I tu dochodzimy do tego, co w sumie dość osobiste. Już film ze swoją opowieścią o różnych podejściach do choroby i leczenia, o oczekiwaniach otoczenia, że będzie się walczyć do ostatniego dnia, że będzie się próbować wszystkiego, szarpnął mną potężnie. Ale książka dołożyła zupełnie inne, głębsze warstwy do tych emocji i przygniotła mnie jeszcze bardziej. W rodzinnej historii napatrzyłam się chyba na każde możliwe podejście do chorowania i nie ukrywajmy – do umierania.

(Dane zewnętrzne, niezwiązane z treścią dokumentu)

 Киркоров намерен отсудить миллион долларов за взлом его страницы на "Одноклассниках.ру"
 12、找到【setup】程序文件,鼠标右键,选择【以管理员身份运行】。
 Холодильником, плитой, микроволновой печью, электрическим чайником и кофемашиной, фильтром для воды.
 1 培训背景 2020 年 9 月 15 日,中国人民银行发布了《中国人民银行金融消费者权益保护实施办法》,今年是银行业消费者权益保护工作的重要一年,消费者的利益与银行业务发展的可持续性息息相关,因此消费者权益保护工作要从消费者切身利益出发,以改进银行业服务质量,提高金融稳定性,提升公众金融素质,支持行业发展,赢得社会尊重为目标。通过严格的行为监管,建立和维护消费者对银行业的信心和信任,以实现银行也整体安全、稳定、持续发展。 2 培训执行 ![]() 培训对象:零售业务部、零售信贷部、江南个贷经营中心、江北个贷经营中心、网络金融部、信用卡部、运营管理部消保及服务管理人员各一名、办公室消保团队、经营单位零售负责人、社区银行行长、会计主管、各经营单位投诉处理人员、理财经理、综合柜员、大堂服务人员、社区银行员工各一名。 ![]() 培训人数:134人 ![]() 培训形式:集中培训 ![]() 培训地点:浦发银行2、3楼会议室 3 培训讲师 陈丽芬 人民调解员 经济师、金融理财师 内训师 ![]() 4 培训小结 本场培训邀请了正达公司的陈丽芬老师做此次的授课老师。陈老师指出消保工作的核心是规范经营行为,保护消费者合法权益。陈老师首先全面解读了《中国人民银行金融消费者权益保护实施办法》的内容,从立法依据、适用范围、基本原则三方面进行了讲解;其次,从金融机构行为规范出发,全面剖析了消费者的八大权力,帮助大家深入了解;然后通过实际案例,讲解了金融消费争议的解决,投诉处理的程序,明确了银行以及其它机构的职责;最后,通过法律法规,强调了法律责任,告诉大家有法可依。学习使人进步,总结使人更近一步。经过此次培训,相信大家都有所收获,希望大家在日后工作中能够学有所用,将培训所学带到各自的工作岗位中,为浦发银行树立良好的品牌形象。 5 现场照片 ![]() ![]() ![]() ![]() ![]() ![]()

Sama mam gdzieś z tyłu głowy, że mogę pewnego dnia stanąć przed bardzo podobnymi dylematami i wiedząc też, że świadomość otoczenia, rodziny w tej kwestii jest ważna, żeby wiedzieli, co się myśli i czego chce, to nie unikamy takich rozmów i ja wiem, jakie Andrzej ma podejście i czego by chciał w takiej sytuacji, a on wie, jakie jest moje i czego można się po mnie spodziewać i że słowa „uporczywa” nie ma w scenariuszu. I że zamierzam żyć prawie wiecznie, ale gdyby, to ma raczej organizować ten lot balonem niż szukać najlepszych specjalistów.

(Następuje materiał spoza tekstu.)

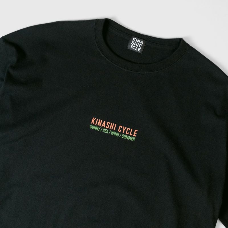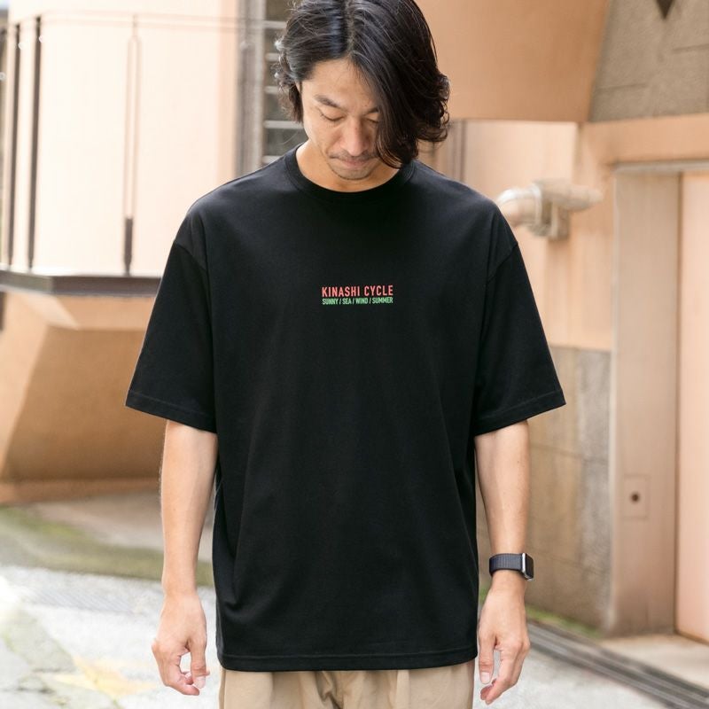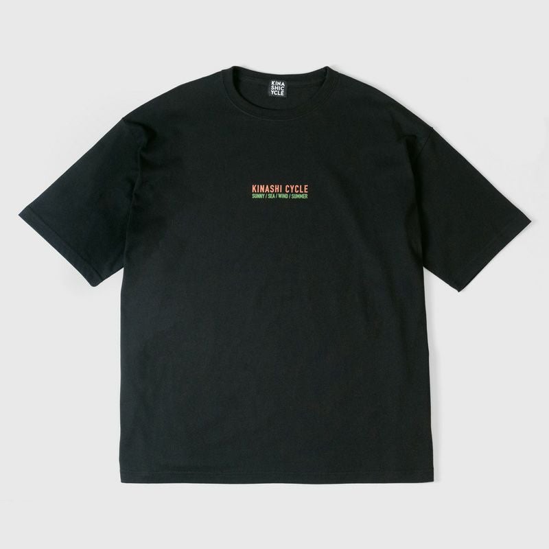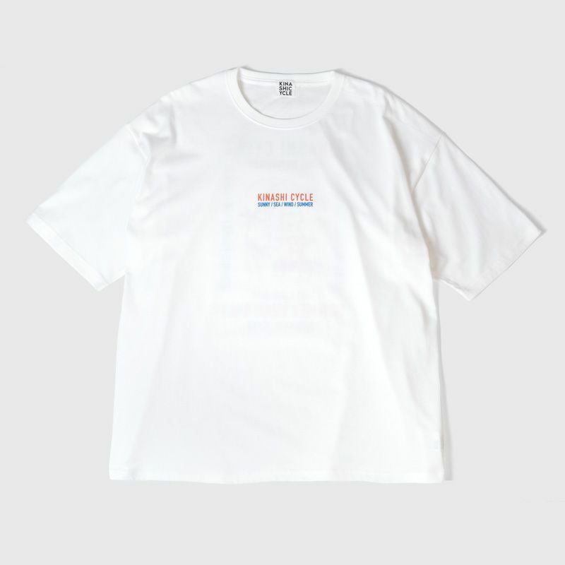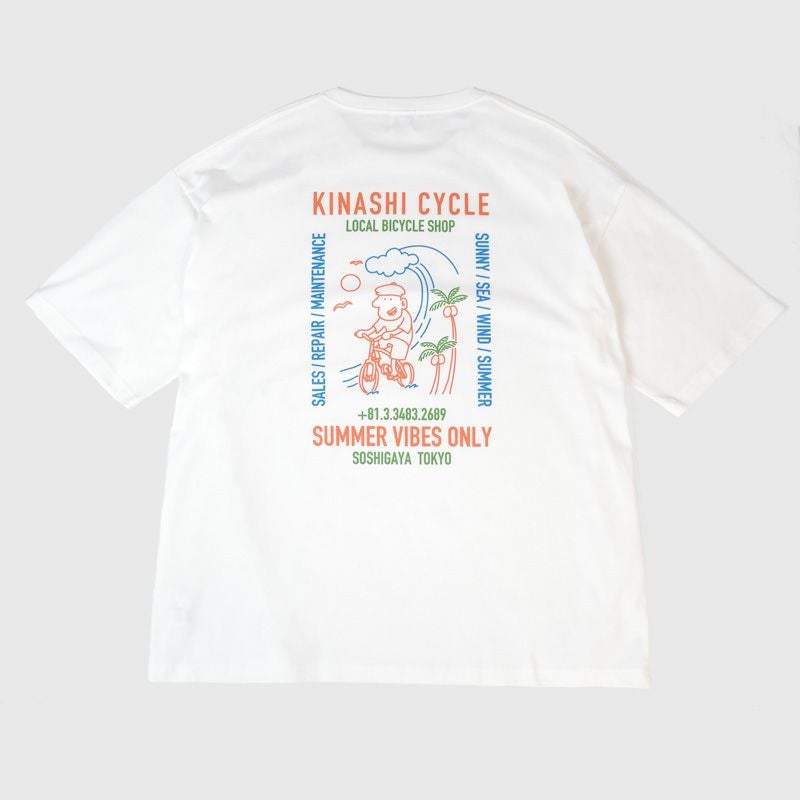 ビーチサイドを駆け抜けるイラストが、遊び心たっぷりのグラフィックTシャツ。
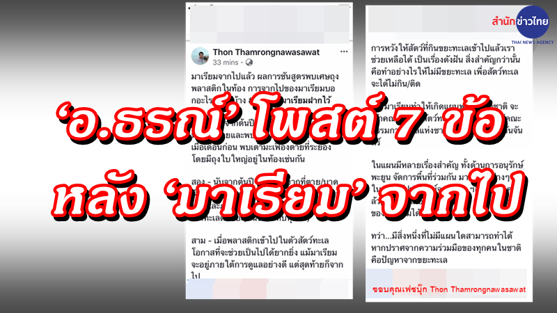 สำนักข่าวไทย 17 ส.ค.-นักวิชาการทางทะเลและสิ่งแวดล้อม โพสต์ 7 ข้อ สิ่งที่ ‘มาเรียม’ ฝากไว้ หลังการจากไป ‘เกิดแผนพะยูนชาติ-กระตุ้นคนไทยตระหนักถึงปัญหาขยะทะเล-ไปให้ถึงมาตรการลดพลาสติกจากต้นทาง’
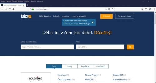 Hledání zaměstnání na Jobs - systém je přehledný a jasný, snaží se uživateli poskytnout vyhledání přesně toho, po čem prahne. Když rozkliknete jakoukoli volnou pracovní pozici, vyskočí na vás souhrn informací, které pro vás jsou ve spojitosti s danou nabídkou těmi nejdůležitějšími.
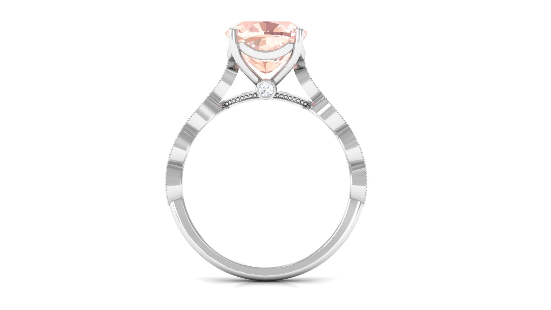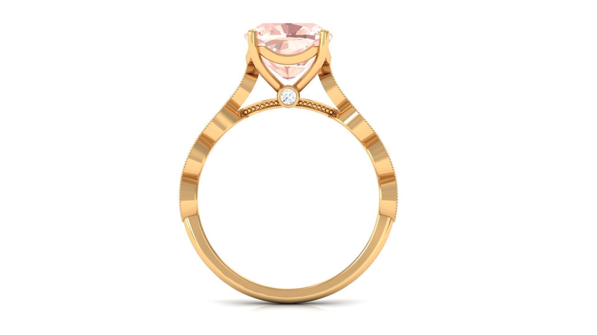 Crafted with a Cushion Cut Morganite and Round Cut Moissanite, the Gold Milgrain Engagement Ring boasts a stunning 8 MM Morganite Solitaire at its center. This exquisite piece of jewelry is sure to make a statement and be an exotic addition to any womans collection.
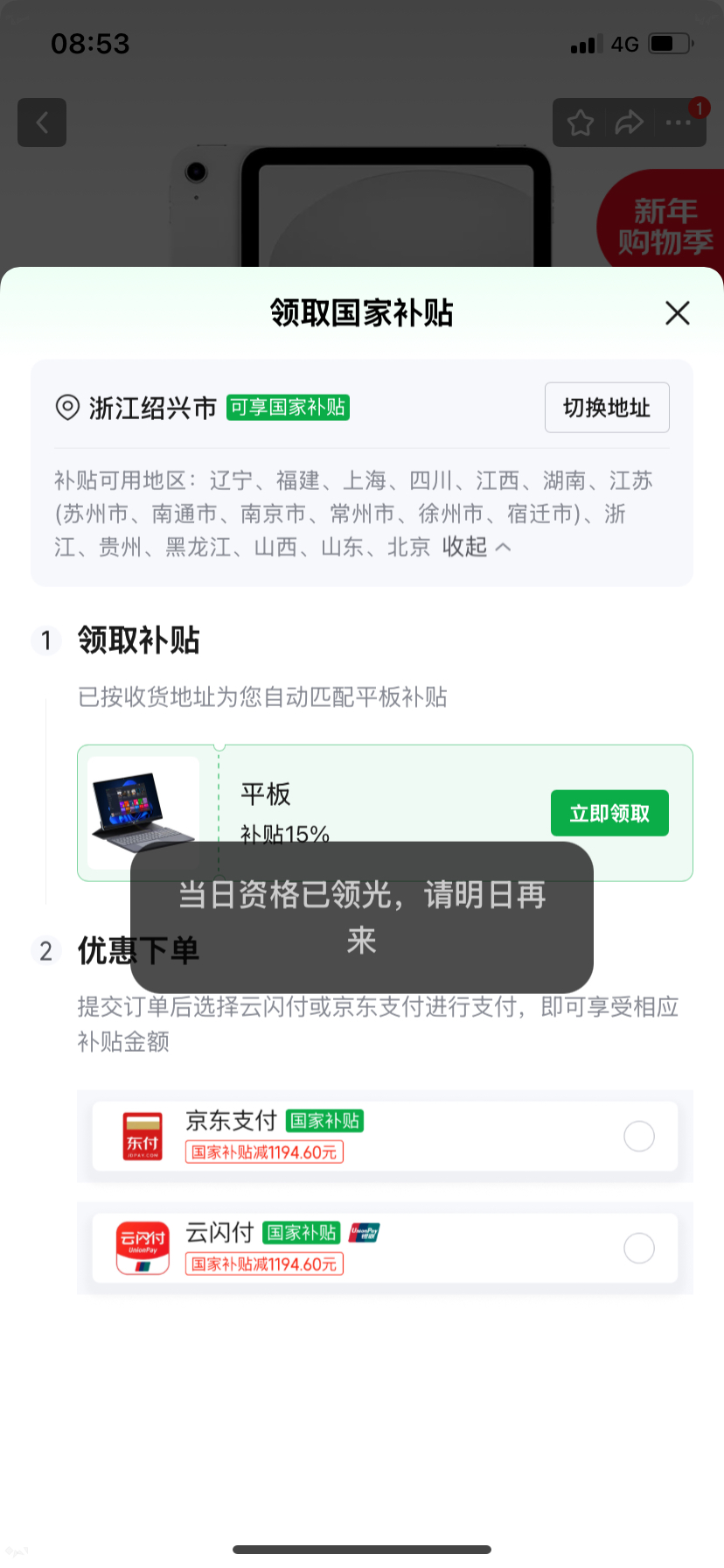 支撑了6年的平板电脑,因为苹果的持续系统升级,终于扛不住,寿终正寝了。打算趁着国补买一个,结果,我点了购买,显示2999,我再看一眼,需要领取补贴。回上去点了一下,资格今天用完了。原来是我天真了

I tu czas na podsumowanie. Film spotyka się z dobrym przyjęciem. Na jego plus na pewno działa Oxford i jego urok, sprawnie opowiedziana historia o spełnianiu marzeń i o miłości, wprawdzie miłości, która na happy end liczyć nie może, ale za to nasza bohaterka swojego rodzaju dobrego zakończenia jednak doświadczy. A powieść? Powieść chyba wywołuje nieco mniej entuzjazmu, ale tu działa na jej niekorzyść rozjazd między opisem a treścią. Bo czytelnik spodziewa się tego, co zaoferował film – Oxfordu, miłości, marzeń, trudności i trochę smutku. A co dostaje? Oxford nie jest tak wyeksponowany. Miłość i marzenia owszem są, z tym smutkiem i trudnościami w pakiecie. Ale przede wszystkim ma się wrażenie, że to książka o chorowaniu i umieraniu, o emocjach z tym związanych, o relacjach rodzinnych, jakie wtedy mogą powstać, o różnych rodzajach wsparcia, a wszystko to opakowane w sporo filozofowania i cytatów z klasycznej poezji (bo nie zapominajmy, czym zajmuje się Jamie i co studiuje Ella/Anna). I tu zaczyna się najwięcej narzekań w opiniach o powieści – dlaczego taka historia, dlaczego ci bohaterowie tacy nieprawdopodobni (tu się akurat nie zgadzam, bo jak dla mnie prawdopodobni i to bardzo), Oxford i atmosfera super, ale umieranie nie jest romantyczne. I do tego sporo porównań do „Me Before You” Jojo Moyes (jeden z moich ukochanych filmów i kolejny przykład powieści, na podstawie której napisano scenariusz, gdzie zabawa w „dziesięć szczegółów” ma rację bytu).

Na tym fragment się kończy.